Quais os riscos de governar sem maioria? Passos e Portas foram muito claros em relação a isso na reta final da maratona: sem maioria da coligação o PS chumbaria o Orçamento e o programa do Governo e, como PSD e CDS não conseguiriam governar, teriam de ser convocadas novas eleições. Isso causaria instabilidade política e perda de credibilidade internacional, alertavam. Mas agora, com a confirmação do cenário, põem os travões a fundo para dizer que tudo ficará bem se o PS estiver disponível para entendimentos. O PS é o único partido “europeísta” no Parlamento e, como tal, é o único junto do qual Passos e Portas vão procurar entendimentos para legislar e fazer reformas, disseram.
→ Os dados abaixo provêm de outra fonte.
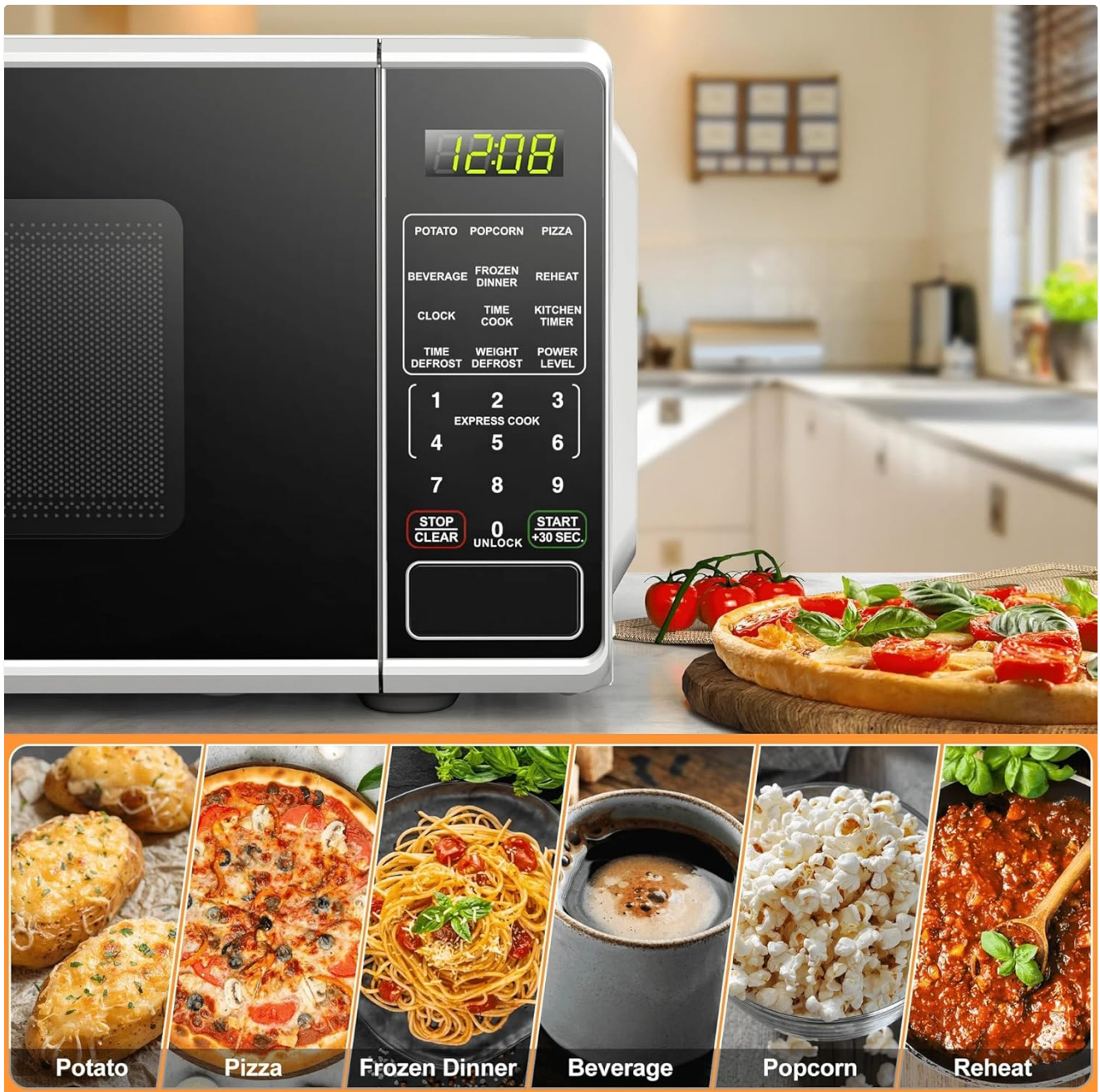
Figure 4: Control Panel Layout. This image highlights the buttons for quick-set menus (Potato, Popcorn, Pizza, Beverage, Frozen Dinner, Reheat), time/weight defrost, power level, clock, kitchen timer, and numerical keypad.

Discurso muito diferente, no entanto, daquele que tinham há menos de uma semana, quando andavam na estrada no apelo ao voto. Nessa altura, os riscos de a coligação não ter maioria eram a morte da estabilidade política em Portugal. Passos materializou esse cenário num discurso muito aplaudido em Santa Maria da Feira, onde jogou tudo num exercício de suposições:

Se nós não tivermos neste Parlamento que vai ser eleito pelos portugueses uma maioria para governar, não poderemos governar, porque não teremos sequer Orçamento, e isso significaria que o país voltaria ao tempo da crise política que só poderia ser resolvida novamente com eleições“, disse na altura. Ou seja, sem maioria, o PS não viabilizaria o Orçamento da direita, nem tão pouco o programa de Governo, o que se traduziria na impossibilidade governar. E se assim fosse, haveria novas eleições dentro de seis meses – era essa a ameaça de Passos.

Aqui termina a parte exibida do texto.